Land Use/Land Cover Change Detection in Python
Published on by Gajanan Kothawade, Graduate Research Assistant, Washington State University, Pullman in Non Profit
It is easy to perform land use/land cover change detection in any GIS software like ArcGIS, QGIS, but difficult when we want to integrate/deploy it to the development platform.
To resolve this issue it's better to use any programming language.
How can I perform LULC change detection analysis in Python?
Taxonomy
- GIS
- Hydrological Modelling
- Hydrological Modelling
- Land & Water Development
- Land Use
- Water Software
- Software Solutions
- r programming
4 Answers
-
You don't mention scale or if you already have appropriate land use data classified by others, but you do mention deployment. If you want open source tools to create web services based on land cover change, you might consider the Django-raster package (https://github.com/geodesign/django-raster). It lets you create tiled map services feeding slippy-maps, or raster polygon area statistics as tables or json. If you don't need that level of control, you could use a spatial web service like ArcGIS Online (ESRI), or Data Basin (https://databasin.org).
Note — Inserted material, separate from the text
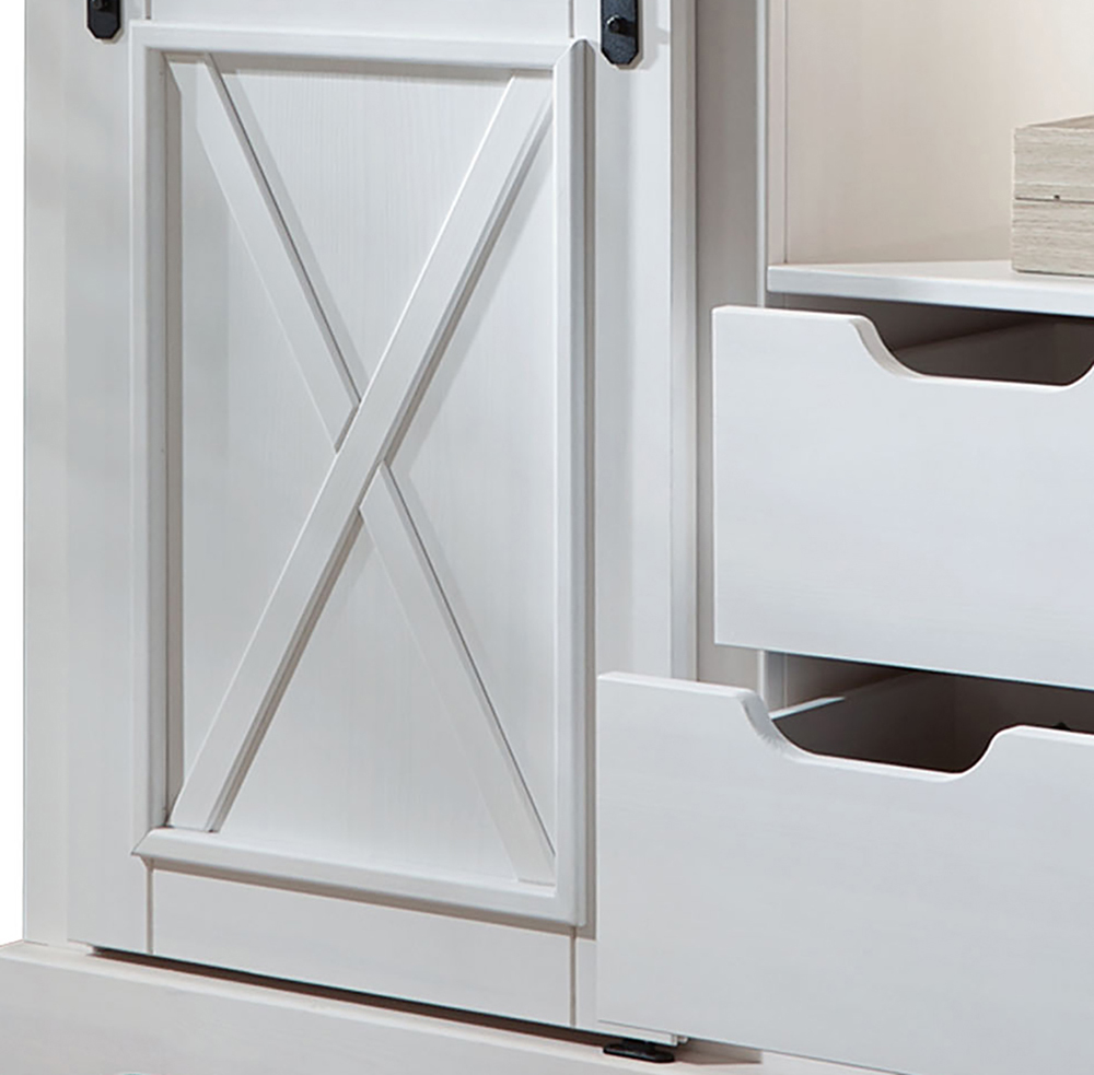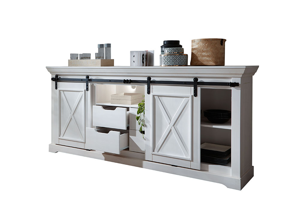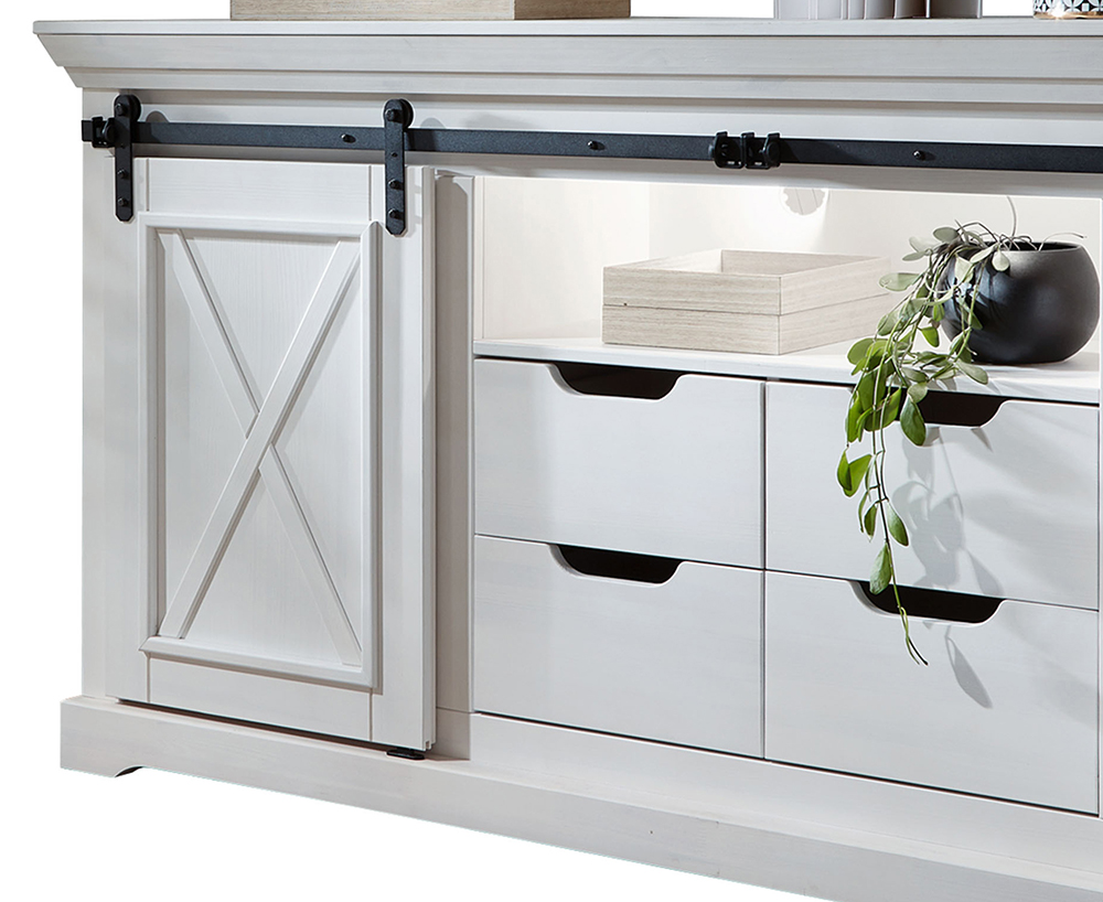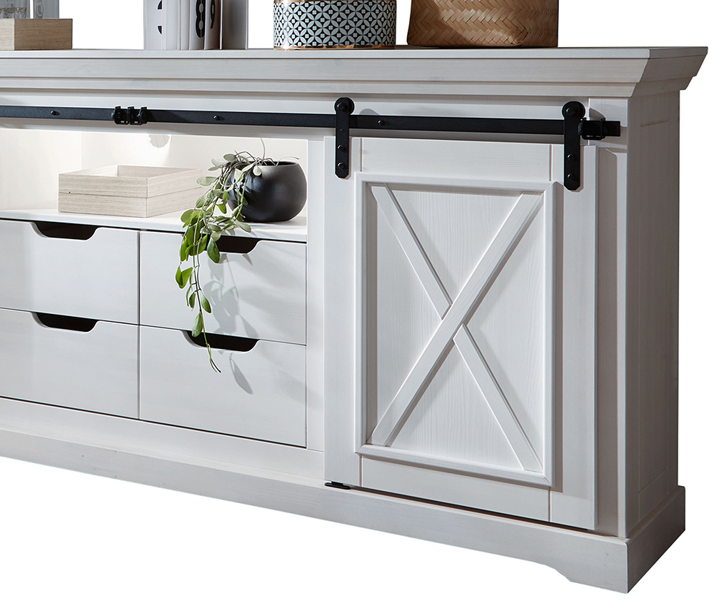 Das Highboard des WZ-0548 Programmes in der ungewöhnlichen Farbkombination Weiß gewachst und den schwarzen Metallelementen ist ein absoluter Muss für Ihren Wohnbereich, und bietet durch den modernen Landhausstil einen super Blickfang. Die mehreren großen Schubladen des Highboards sowie die mehreren Einlegeböden bieten eine Menge Platz für Ihre Dekorationen. In den offenen Fächern können Sie auch wunderbar platzsparend Ihre Bücher abstellen. Schön dabei ist auch, dass man wunderbar einer der beiden Seiten mit der Schiebetür verdecken kann.Hinweis für Massivholzmöbel:Bitte beachten Sie, dass Massivholz ein natürliches Material ist und daher einige Merkmale aufweisen kann, die seinen einzigartigen Charakter ausmachen. Massivholz kann Astlöcher, Wuchsrisse, Farbunterschiede und andere natürliche Merkmale aufweisen. Diese Unterschiede sind kein Grund zur Beanstandung, sondern zeugen von der Authentizität des Materials und verleihen jedem Möbelstück seinen individuellen Charme. Holz kann im Laufe der Zeit nachdunkeln oder aufgrund von Lichteinwirkung seine Farbe verändern. Diese Veränderungen sind normal und unterstreichen die natürliche Schönheit des Materials. Bitte zögern Sie nicht, wenden Sie sich bei Rückfragen gern an unseren Kundendienst.

If you don't actually have the change data classified, but instead have raw pixels, then you need classification tools. For programmatic classification of multispectral imagery, we use and recommend scikit-learn (http://scikit-learn.sourceforge.net). Its got a steep learning curve, but once over the hump supports a huge range of state-of-the-art classification techniques (SVM, Random Forests, etc). You can get excellent land cover results at 10m resolution with Sentinel-2 (free 13-band imagery from ESA). Better resolution than Landsat and 3x more frequent coverage, but same principles apply.
Keep in mind that scikit-learn and similar classifiers work well only when spectral color at pixel level is enough to separate classes. If your 'change' is harder, imagery shallower, or in a place with lots of clouds and atmospheric interference, then you need approaches like atmospheric correction and deep learning. PlanetLabs and similar high-res imagery fit here. Online platforms for this are only just emerging, but check out Google's Earth Engine (https://earthengine.google.com) and DigitalGlobe's GBDX (https://platform.digitalglobe.com/gbdx/).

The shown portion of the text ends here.